Your copy of the data should match it exactly, except that the pictures are gone.

Source records
"""

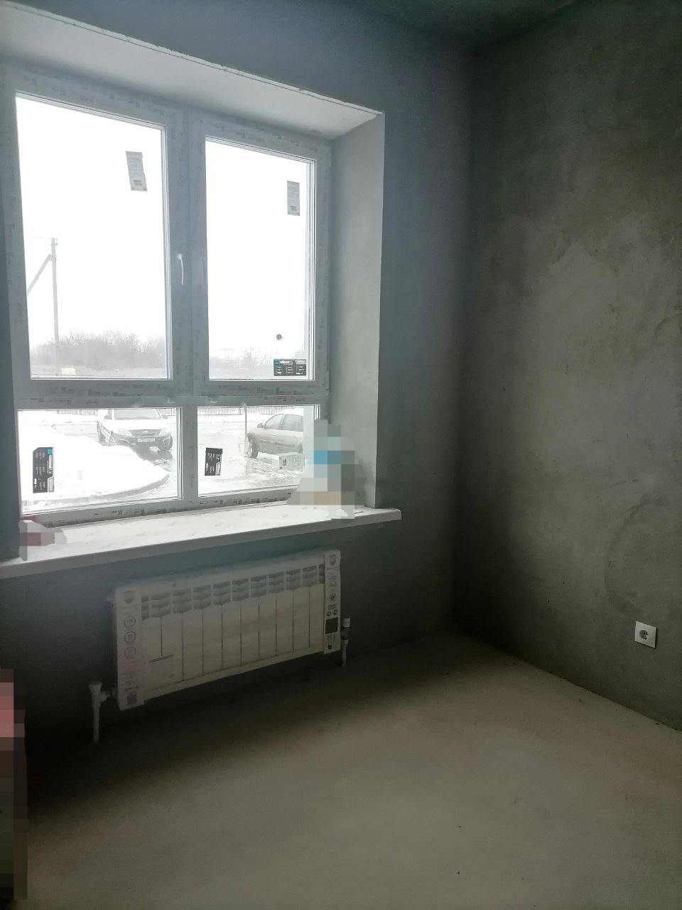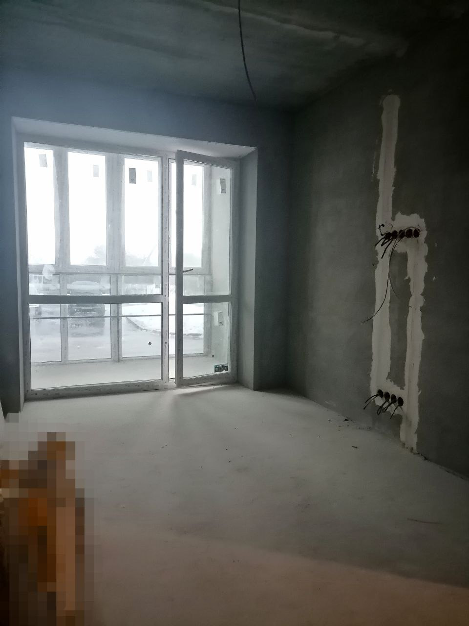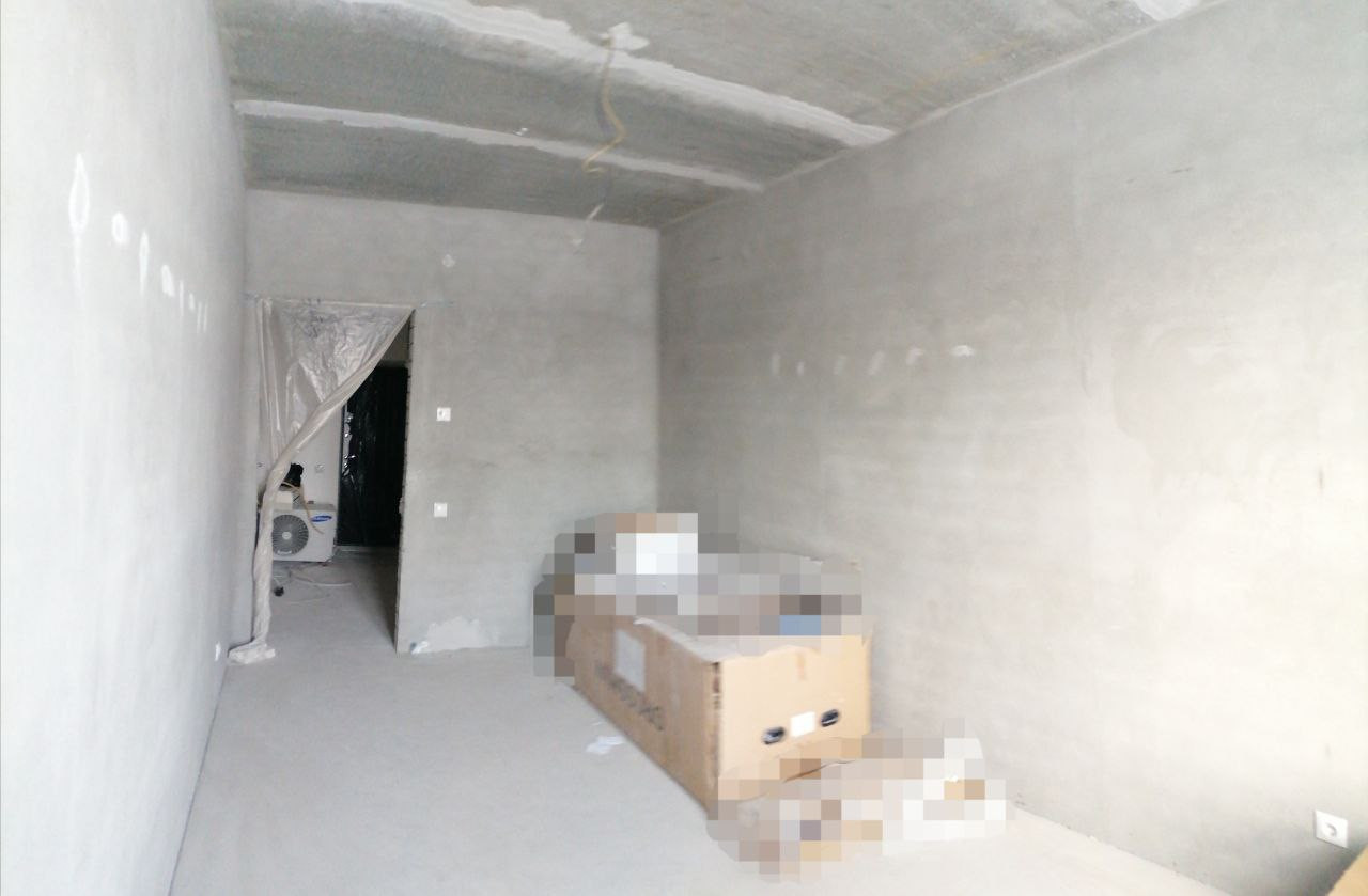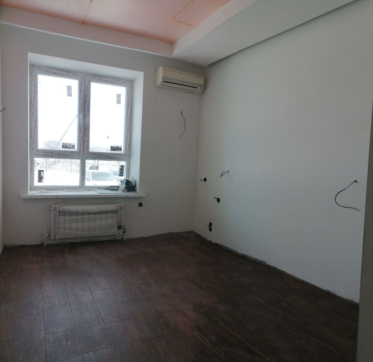 -В дальней комнате установлен кондиционер, стены подготовлены к последнему этапу для покраски или поклейки.
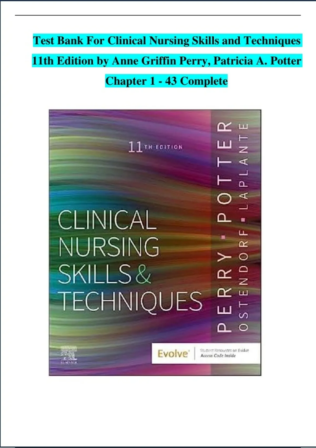 linical Nursing Skills and Techniques, 11th Edition – Anne Griffin Perry, Patricia A. Potter & Wendy R. Ostendorf | Complete Test Bank (Chapters 1–43)
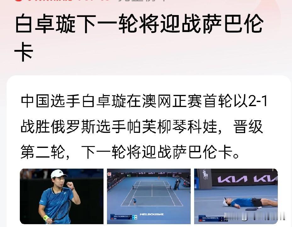 白卓璇的签运太背了,好不容易晋级澳网第二轮, 就遇到世界第一萨巴伦卡 从资格赛闯进澳网正赛的白卓璇,在第一轮就遇到网球高手帕芙柳琴科娃 经过三盘缠斗,最后凭借决胜盘的出色发挥,白卓璇2:1战胜对方,爆冷晋级第二轮 但是,在第二轮就遇到世界第一萨巴伦卡,这签运也太背了 不过,能挑战世界第一萨巴伦卡,也是难得的机会 如果能继续爆冷一下,那将会是澳网最大的冷门 希望白卓璇做好准备,毕竟自古英雄出少年 希望白卓璇能够初生牛犊不怕虎 ,能将世界第一萨巴伦卡挑落马下 那才叫做涅槃重生
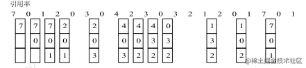 (1)当引用页面7时,没命中(没在存储空间中),存储空间有位置,放进去;
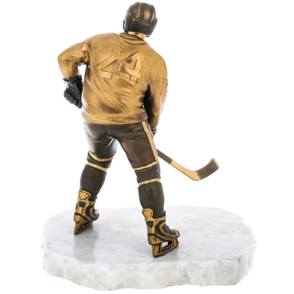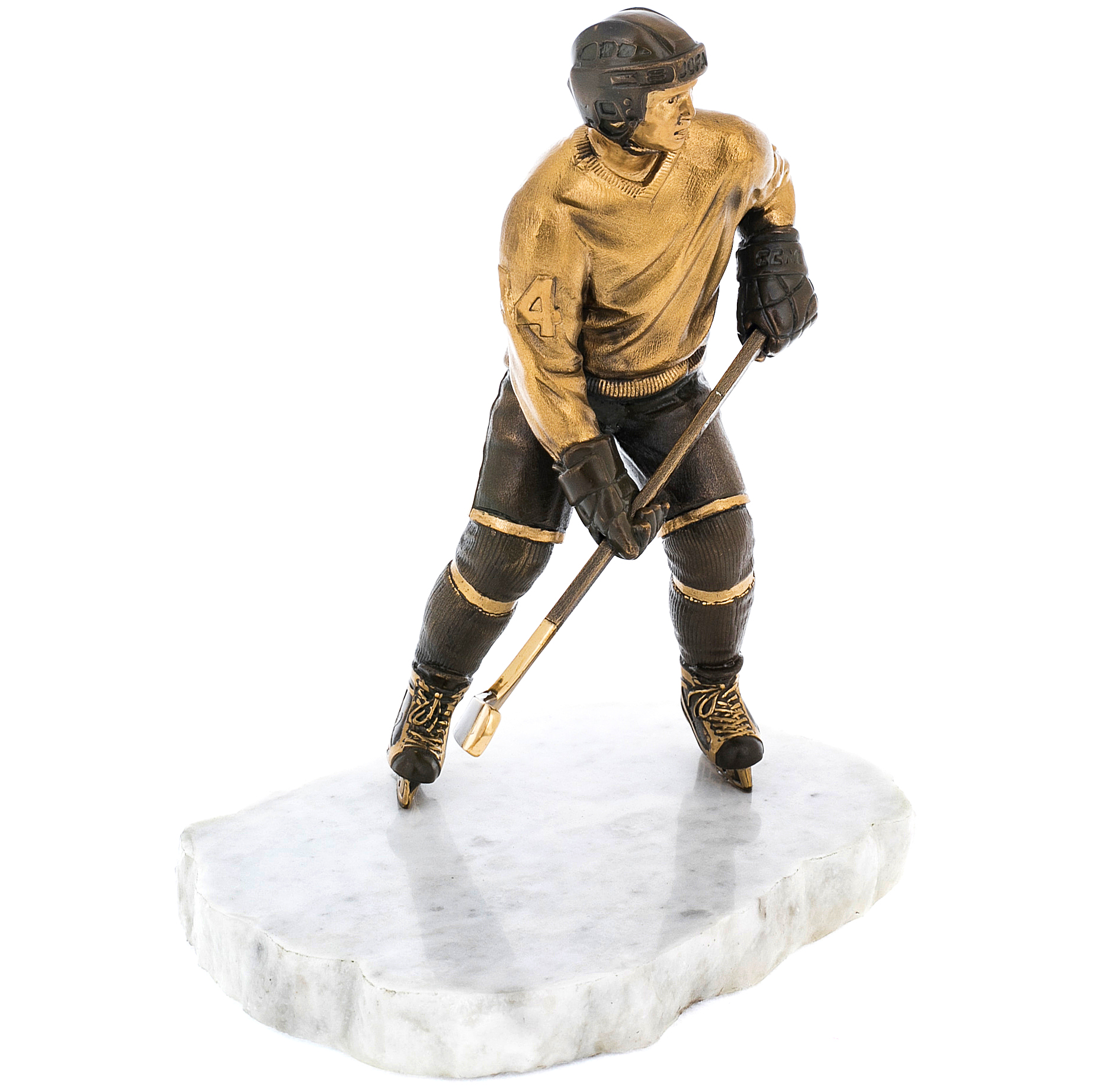 Бронзовая фигура установлена на постамент из натурального белого мрамора с живой природной текстурой, словно имитирующей лёд, над которым затаился игрок. Камень отполирован до гладкости, сохранив природный рисунок, делающий каждое основание уникальным. Гармония материалов и форм создаёт ощущение сдержанной монументальности — предмет смотрится основательно, но при этом не теряет динамики. Пропорции соблюдены с исключительным вниманием: тело передаёт пластику движения, а поза, замеревшая на грани действия, рождает в зрителе предчувствие вспышки скорости.

"""

◆ Response
 -В дальней комнате установлен кондиционер, стены подготовлены к последнему этапу для покраски или поклейки.
 linical Nursing Skills and Techniques, 11th Edition – Anne Griffin Perry, Patricia A. Potter & Wendy R. Ostendorf | Complete Test Bank (Chapters 1–43)
 白卓璇的签运太背了,好不容易晋级澳网第二轮, 就遇到世界第一萨巴伦卡 从资格赛闯进澳网正赛的白卓璇,在第一轮就遇到网球高手帕芙柳琴科娃 经过三盘缠斗,最后凭借决胜盘的出色发挥,白卓璇2:1战胜对方,爆冷晋级第二轮 但是,在第二轮就遇到世界第一萨巴伦卡,这签运也太背了 不过,能挑战世界第一萨巴伦卡,也是难得的机会 如果能继续爆冷一下,那将会是澳网最大的冷门 希望白卓璇做好准备,毕竟自古英雄出少年 希望白卓璇能够初生牛犊不怕虎 ,能将世界第一萨巴伦卡挑落马下 那才叫做涅槃重生
 (1)当引用页面7时,没命中(没在存储空间中),存储空间有位置,放进去;
 Бронзовая фигура установлена на постамент из натурального белого мрамора с живой природной текстурой, словно имитирующей лёд, над которым затаился игрок. Камень отполирован до гладкости, сохранив природный рисунок, делающий каждое основание уникальным. Гармония материалов и форм создаёт ощущение сдержанной монументальности — предмет смотрится основательно, но при этом не теряет динамики. Пропорции соблюдены с исключительным вниманием: тело передаёт пластику движения, а поза, замеревшая на грани действия, рождает в зрителе предчувствие вспышки скорости.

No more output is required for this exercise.